[[ TASK DATA, beginning ]]
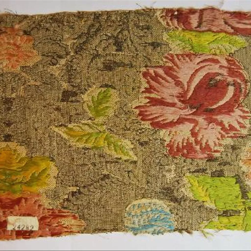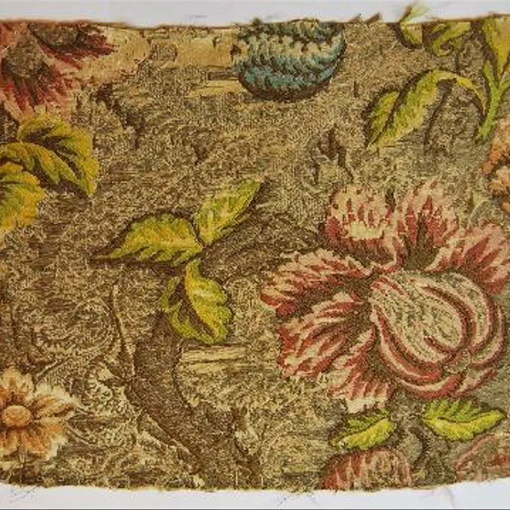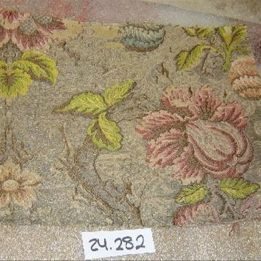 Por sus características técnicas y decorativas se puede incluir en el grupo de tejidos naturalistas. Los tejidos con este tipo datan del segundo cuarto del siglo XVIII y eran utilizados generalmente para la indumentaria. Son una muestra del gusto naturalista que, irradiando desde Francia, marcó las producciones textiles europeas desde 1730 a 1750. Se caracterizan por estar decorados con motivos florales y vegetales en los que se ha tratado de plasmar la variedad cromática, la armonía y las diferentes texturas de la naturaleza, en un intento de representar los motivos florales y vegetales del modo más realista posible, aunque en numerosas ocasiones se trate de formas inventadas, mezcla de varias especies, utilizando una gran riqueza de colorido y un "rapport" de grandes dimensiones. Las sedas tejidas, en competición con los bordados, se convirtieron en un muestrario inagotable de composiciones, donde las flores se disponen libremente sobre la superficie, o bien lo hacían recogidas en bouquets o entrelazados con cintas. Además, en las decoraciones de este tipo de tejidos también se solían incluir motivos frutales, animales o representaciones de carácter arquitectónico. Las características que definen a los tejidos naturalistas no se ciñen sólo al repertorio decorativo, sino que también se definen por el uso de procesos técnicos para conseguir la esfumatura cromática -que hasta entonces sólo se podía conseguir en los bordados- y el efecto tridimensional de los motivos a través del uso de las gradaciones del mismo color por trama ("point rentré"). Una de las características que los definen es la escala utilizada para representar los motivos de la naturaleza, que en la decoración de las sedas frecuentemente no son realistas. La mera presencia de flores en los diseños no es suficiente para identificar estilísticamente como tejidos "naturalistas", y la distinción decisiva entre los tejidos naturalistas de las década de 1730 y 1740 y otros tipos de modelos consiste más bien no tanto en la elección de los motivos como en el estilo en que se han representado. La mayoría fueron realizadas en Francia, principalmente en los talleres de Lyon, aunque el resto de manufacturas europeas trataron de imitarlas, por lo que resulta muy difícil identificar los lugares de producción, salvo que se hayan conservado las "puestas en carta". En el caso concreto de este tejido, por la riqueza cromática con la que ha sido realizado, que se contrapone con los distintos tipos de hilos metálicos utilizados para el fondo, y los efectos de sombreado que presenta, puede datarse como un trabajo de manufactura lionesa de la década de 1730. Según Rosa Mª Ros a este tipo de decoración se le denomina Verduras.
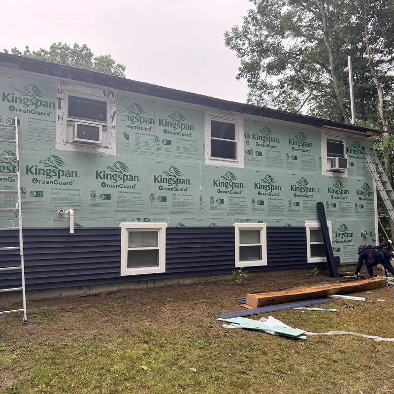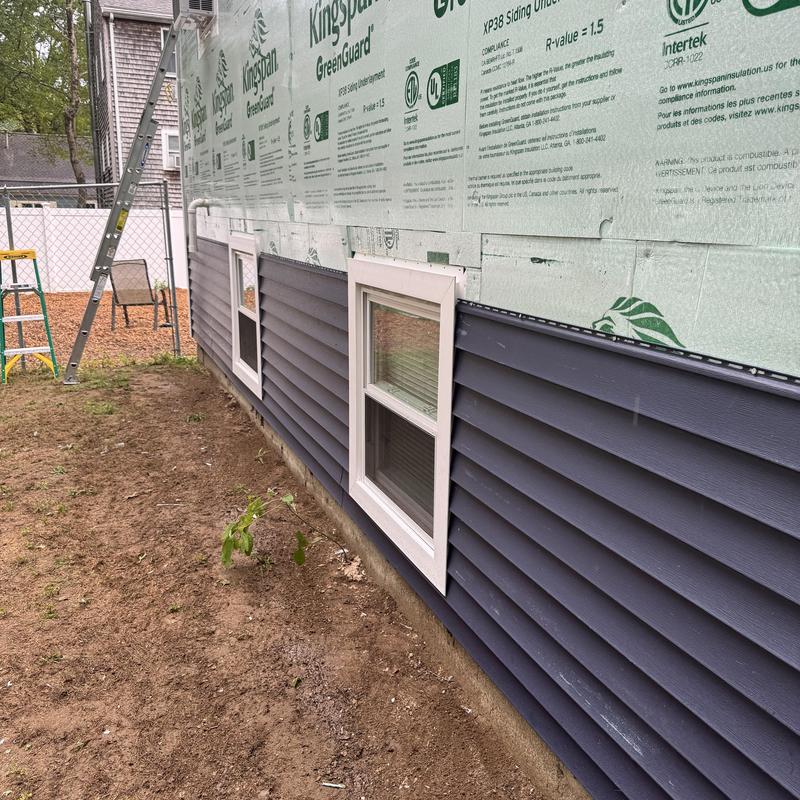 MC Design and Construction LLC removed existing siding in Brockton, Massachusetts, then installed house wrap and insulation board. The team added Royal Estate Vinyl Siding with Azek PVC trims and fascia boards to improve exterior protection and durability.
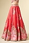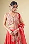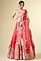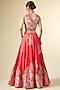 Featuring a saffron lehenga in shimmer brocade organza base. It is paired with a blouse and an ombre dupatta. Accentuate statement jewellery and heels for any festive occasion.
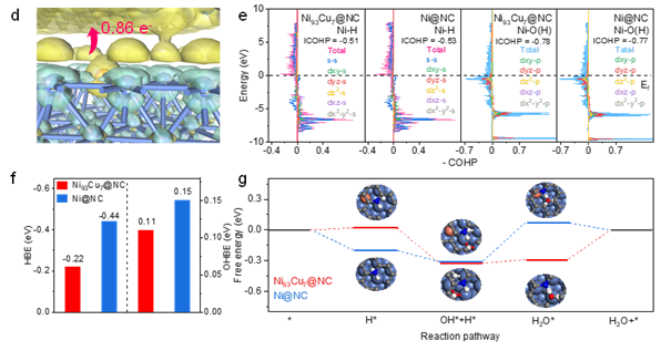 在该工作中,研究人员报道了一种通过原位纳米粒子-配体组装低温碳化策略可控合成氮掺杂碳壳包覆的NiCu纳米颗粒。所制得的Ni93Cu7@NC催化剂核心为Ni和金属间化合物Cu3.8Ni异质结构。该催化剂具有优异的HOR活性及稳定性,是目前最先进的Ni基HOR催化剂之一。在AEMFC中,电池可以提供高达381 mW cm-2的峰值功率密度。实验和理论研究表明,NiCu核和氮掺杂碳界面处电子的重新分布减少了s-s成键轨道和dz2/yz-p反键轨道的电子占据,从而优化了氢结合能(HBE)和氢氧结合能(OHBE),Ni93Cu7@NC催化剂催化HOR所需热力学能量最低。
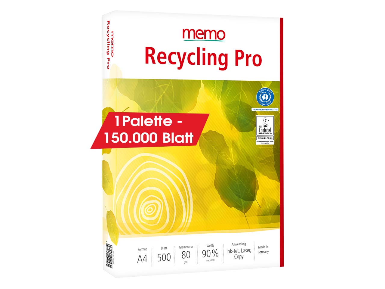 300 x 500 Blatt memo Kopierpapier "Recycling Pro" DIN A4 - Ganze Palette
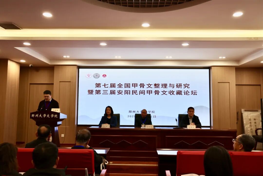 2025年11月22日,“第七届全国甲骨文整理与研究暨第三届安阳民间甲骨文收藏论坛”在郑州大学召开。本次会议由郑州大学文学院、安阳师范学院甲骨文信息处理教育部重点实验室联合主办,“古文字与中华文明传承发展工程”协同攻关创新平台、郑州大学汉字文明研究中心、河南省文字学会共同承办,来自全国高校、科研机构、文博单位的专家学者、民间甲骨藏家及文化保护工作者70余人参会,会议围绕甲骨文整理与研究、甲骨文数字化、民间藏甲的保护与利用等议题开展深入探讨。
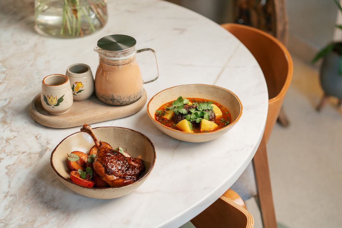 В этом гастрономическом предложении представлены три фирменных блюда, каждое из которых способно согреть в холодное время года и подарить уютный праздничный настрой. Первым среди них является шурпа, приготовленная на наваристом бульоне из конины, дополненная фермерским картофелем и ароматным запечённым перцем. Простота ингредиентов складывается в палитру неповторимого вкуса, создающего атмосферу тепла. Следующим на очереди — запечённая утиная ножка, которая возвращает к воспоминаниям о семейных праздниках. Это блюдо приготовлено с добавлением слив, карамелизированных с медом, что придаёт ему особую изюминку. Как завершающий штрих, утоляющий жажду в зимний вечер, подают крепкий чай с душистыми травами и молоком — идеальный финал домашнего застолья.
[[ TASK DATA, end ]]
**WORK REQUEST**
Range to copy from the listing above: the line containing "Featuring a saffron" down to the line containing "300 x 500 Blatt", both included. Reproduce it exactly, minus the pictures, and add nothing.

**TASK ANSWER**
 Featuring a saffron lehenga in shimmer brocade organza base. It is paired with a blouse and an ombre dupatta. Accentuate statement jewellery and heels for any festive occasion.
 在该工作中,研究人员报道了一种通过原位纳米粒子-配体组装低温碳化策略可控合成氮掺杂碳壳包覆的NiCu纳米颗粒。所制得的Ni93Cu7@NC催化剂核心为Ni和金属间化合物Cu3.8Ni异质结构。该催化剂具有优异的HOR活性及稳定性,是目前最先进的Ni基HOR催化剂之一。在AEMFC中,电池可以提供高达381 mW cm-2的峰值功率密度。实验和理论研究表明,NiCu核和氮掺杂碳界面处电子的重新分布减少了s-s成键轨道和dz2/yz-p反键轨道的电子占据,从而优化了氢结合能(HBE)和氢氧结合能(OHBE),Ni93Cu7@NC催化剂催化HOR所需热力学能量最低。
 300 x 500 Blatt memo Kopierpapier "Recycling Pro" DIN A4 - Ganze Palette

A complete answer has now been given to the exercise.